» What the task requires:
Repeat only the stretch of lines below that runs from the line with "Common structure of" through the line with "délka: 5,5 cm", unaltered.
Information supplied below:
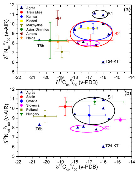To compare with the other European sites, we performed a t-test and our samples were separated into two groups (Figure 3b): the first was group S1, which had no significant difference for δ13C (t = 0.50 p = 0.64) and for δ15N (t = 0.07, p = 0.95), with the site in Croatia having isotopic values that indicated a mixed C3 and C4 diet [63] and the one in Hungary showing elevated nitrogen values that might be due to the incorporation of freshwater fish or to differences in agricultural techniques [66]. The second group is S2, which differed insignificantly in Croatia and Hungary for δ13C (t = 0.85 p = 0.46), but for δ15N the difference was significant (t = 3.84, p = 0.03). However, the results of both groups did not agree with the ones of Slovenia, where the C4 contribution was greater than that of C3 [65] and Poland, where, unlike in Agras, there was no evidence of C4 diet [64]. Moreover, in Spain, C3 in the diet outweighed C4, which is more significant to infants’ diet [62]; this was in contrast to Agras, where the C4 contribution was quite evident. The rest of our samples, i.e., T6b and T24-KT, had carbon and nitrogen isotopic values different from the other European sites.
End of Information supplied.
Information supplied below:
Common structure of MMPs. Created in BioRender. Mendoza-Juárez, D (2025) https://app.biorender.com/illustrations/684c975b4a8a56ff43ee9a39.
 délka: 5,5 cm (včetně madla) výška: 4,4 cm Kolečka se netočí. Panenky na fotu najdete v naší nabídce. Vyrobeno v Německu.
End of Information supplied.
» Response below:
Common structure of MMPs. Created in BioRender. Mendoza-Juárez, D (2025) https://app.biorender.com/illustrations/684c975b4a8a56ff43ee9a39.
 délka: 5,5 cm (včetně madla) výška: 4,4 cm Kolečka se netočí. Panenky na fotu najdete v naší nabídce. Vyrobeno v Německu.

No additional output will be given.